> **What the task asks**:
Although the data below contains pictures, output only the lines between those holding "BELEDİYE EKİPLERİNDEN KARŞIYAKA" and "同时全方位提供江苏省以及重要", inclusive, exactly and without those pictures.

++++ Material for the task

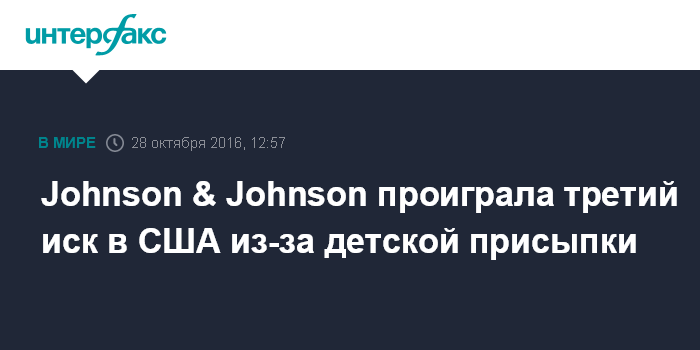 Как сообщает "Би-би-си", это уже третий иск о присыпке на основе талька, проигранный компанией. Ранее суд Сент-Луиса обязал Johnson & Johnson выплатить в общей сложности $127 млн по двум искам.
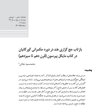 در این نوشته خلاصهای از مطالب کتاب فوق الذکر ـ که به ابعاد اجتماعی، سیاسی و فرهنگی حجگزاری هند در قرنهای دهم تا سیزدهم هجری میپردازد ـ ارائه میشود. در گزارش این کتاب، به تحلیلها و آمارهای ارائه شده در کتاب توجه شده و به ترتیب فصلهای کتاب، پس از معرفی منابع و آثار پژوهشی مرتبط با موضوع پژوهش و بیان اهداف و ضرورتها و دشواری کار، به تاریخ حج در آغاز عصر جدید و در حقیقت در دوره مورد بحث اشاره میشود. در فصل بعدی به جایگاه کانونی حج در اندیشه اجتماعی و معنوی مسلمانان و در فصل بعد، به مناسبات پادشاه مغول هند در دوره مورد مطالعه با حج و حرمین پرداخته شده است.
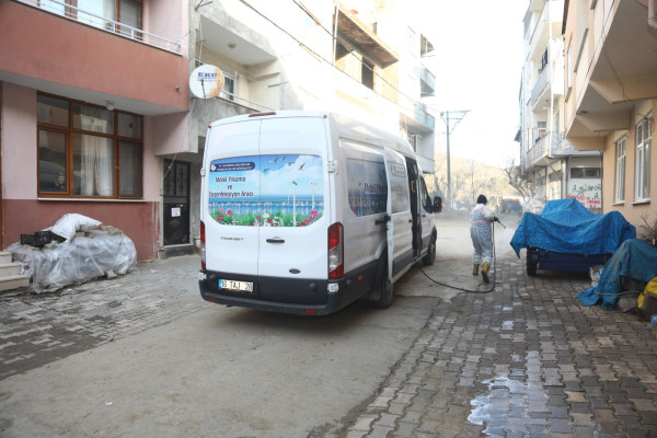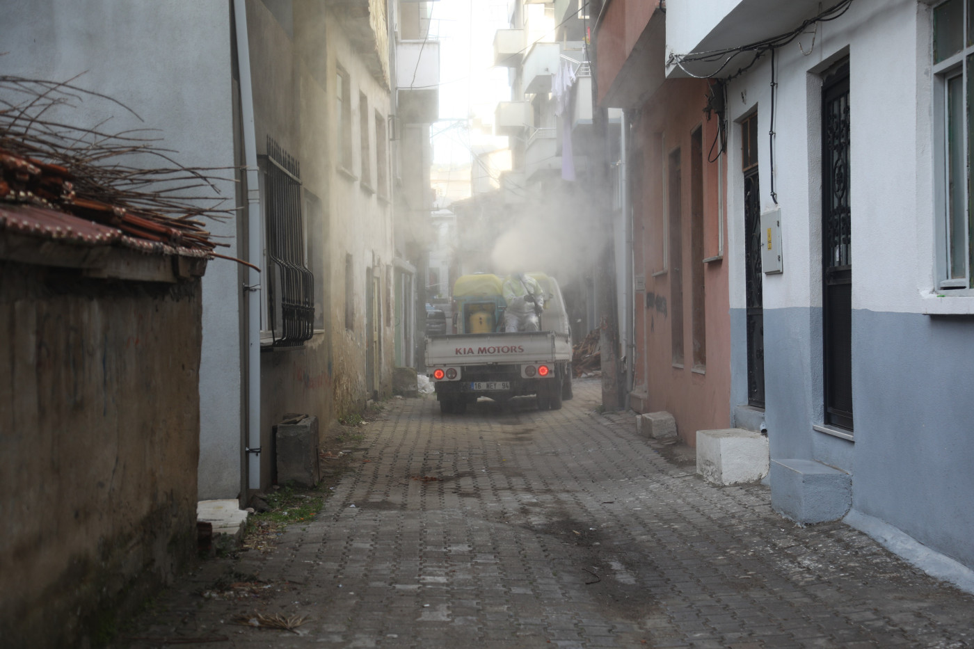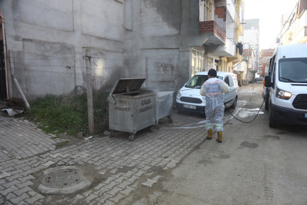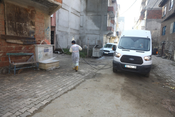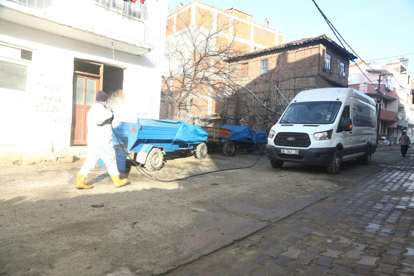 BELEDİYE EKİPLERİNDEN KARŞIYAKA MAHALLESİNDE DEZENFEKTE ÇALIŞMALARI
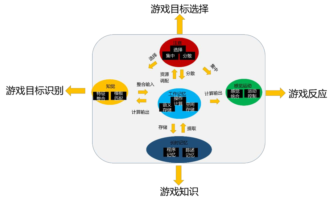 例如,你需要利用分散和集中注意力,观察敌人在什么位置、做什么,己方队友在什么位置、做什么等;需要利用长时记忆记住敌人和队友使用的英雄具有哪些主动和被动技能,以及游戏地图内有哪些战略资源和地形可以利用等。
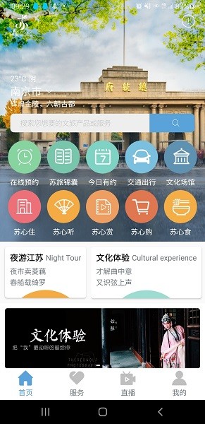 同时全方位提供江苏省以及重要相关地级市的“天气”“查导游”“找车位”“交通出行”“场馆预订”全方位多维度的公共服务,
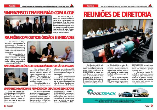 Em maio de 2016, a Diretoria do SINFFAZFISCO se reuniu com representantes da Controladoria Geral do Estado para tratar especificamente de assuntos referentes ao projeto de lei que, à época, tramitava na Assembleia Legislativa de Minas Gerais e tratava da reestruturação da Administração Pública do Estado.
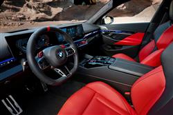 This car's S63 series 4.4-litre V8 is the most potent engine ever devised by BMW's high performance M division. Which is just as well because it has to carry around a lot of weight. Still, 270kg of that extra bulk is there to facilitate the electrified addition to this M5's drivetrain that's increased total output so much. From 625hp in the old F90 M5 Competition to 727hp here. 585hp of that is from the engine and 197hp from an electric motor energised by an 18.6kWh battery large enough to make this a performance PHEV, with an all-electric range of up to 42 miles. Ignore the EV drive modes and this M division-curated confection shrugs off its prodigious 2.5-tonne kerb weight with bombastic speed, 1,000Nm of torque this super station wagon to 62mph in 3.6s en route to 189mph (if the optional 'M Driver's Pack' is fitted). Power is channelled via a toughened-up version of the 8-speed automatic transmission you'd find on a regular combustion 5 Series Touring and there's a 'Boost' mode you can activate to prompt faster acceleration by pulling on the wheel's left hand gearshift paddle. So it's fast enough in a straight line. Where you might worry, given all that powertrain bulk, is in this beefy G99 series M5 Touring's ability to tackle the turns. The Garching engineers fretted about this too and spent six years on handling development of this seventh generation M5 design as a result. For sharper corner turn-in, they added rear-wheel steering ('Integral Active Steering' in BMW-speak), which can turn the back wheels by up to 1.5-degrees. Plus there's a wider track, re-tuned steering, bespoke kinematics and elastokinematics on both axles and an adaptive suspension set-up able to adjust the new Bilstein dampers independently at each wheel. BMW's resisted the temptation though, to add the active anti-roll bars that are fitted to the M60 Touring EV; apparently, the M5's passive ones give more linear, natural levels of body roll. Thanks to the Hybrid system, there's a wide choice of drive modes - 'Hybrid' and 'M Hybrid' (which mix the power sources), 'Electric' (full-EV), 'Dynamic' (for track and fast road driving) and 'Dynamic Plus' (for all-out system power). All that's before you start accessing the centre screen to adjust chassis, steering, brakes, all-wheel drive and transmission, saving your preferred to settings to the red M paddles provided for the purpose behind the steering wheel. On the move, expect to notice this G99 series model's weight; but on tighter roads, you'll notice it's prodigious width even more.
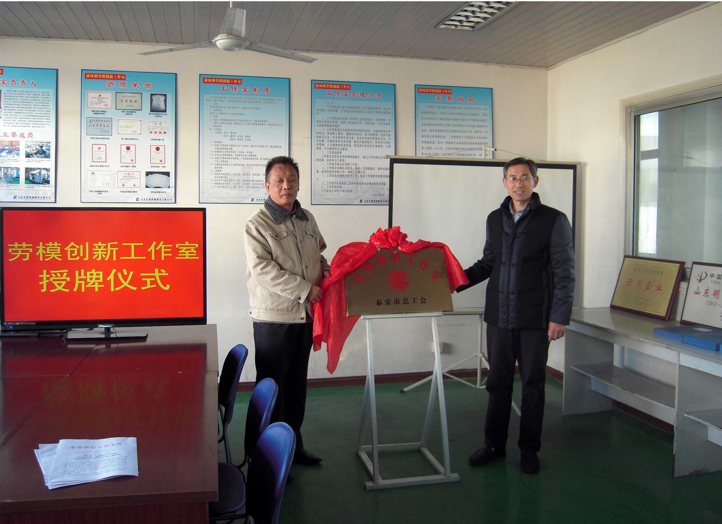 根據(jù)泰會(huì)(2014)50號(hào)《泰安市總工會(huì)關(guān)于命名第二批泰安市“勞模(高技能人才)創(chuàng)新工作室”的決定》文件精神,“康鳳明勞模創(chuàng)新工作室”被命名為第二批泰安市“勞模創(chuàng)新工作室”,這是繼今年5月份“康鳳明勞模創(chuàng)新工作室”被岱岳區(qū)總工會(huì)首批命名后取得的又一殊榮。12月5日,市總工會(huì)生產(chǎn)保護(hù)部部長劉軍、岱岳區(qū)總工會(huì)常務(wù)副主席李福江等市區(qū)部門領(lǐng)導(dǎo)來集團(tuán)公司舉行了揭牌、授牌、掛牌儀式。副總經(jīng)理、工會(huì)主席聶化濤等領(lǐng)導(dǎo)參加了活動(dòng)儀式。
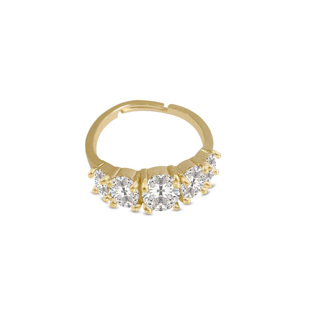 Descripción: Un impresionante anillo ajustable en tono dorado adornado con pedrería cristalina en un engaste de puntas para lograr el máximo brillo. Perfecto como pieza llamativa o para apilar, irradia lujo y sofisticación.
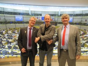 Von links: Thomas Baier mit Martin Sonneborn & Torsten Kobelt im Dezember 2016 im Europa-Parlament in Brüssel
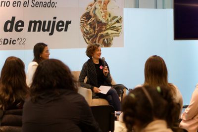 Carmina Salas en línea desde Santiago de Chile en el taller "El Collage como medio de liberación femenina" en Sesión Especial de Stay Curious Club y Club Collage en Avant.Dev. Fotos de Tax Satélite, CDMX 2022.
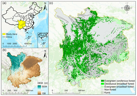 (a) Geographic location of study area; (b) elevation distribution; (c) karst regions and forest type distribution; the various colors indicate the different types of forests.
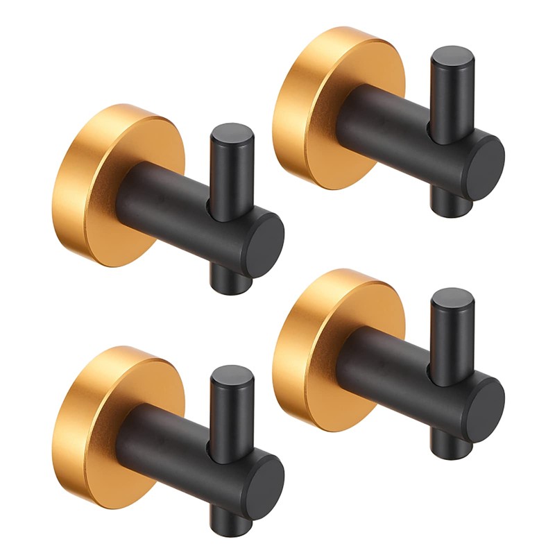 TREATLIFE HOME Durable Round Base Wall Hanging Hooks for Space Saving Organization, 4 Pack Metal Hooks, Black and Gold Finish

++++++++

> **Output for this exercise**:
 BELEDİYE EKİPLERİNDEN KARŞIYAKA MAHALLESİNDE DEZENFEKTE ÇALIŞMALARI
 例如,你需要利用分散和集中注意力,观察敌人在什么位置、做什么,己方队友在什么位置、做什么等;需要利用长时记忆记住敌人和队友使用的英雄具有哪些主动和被动技能,以及游戏地图内有哪些战略资源和地形可以利用等。
 同时全方位提供江苏省以及重要相关地级市的“天气”“查导游”“找车位”“交通出行”“场馆预订”全方位多维度的公共服务,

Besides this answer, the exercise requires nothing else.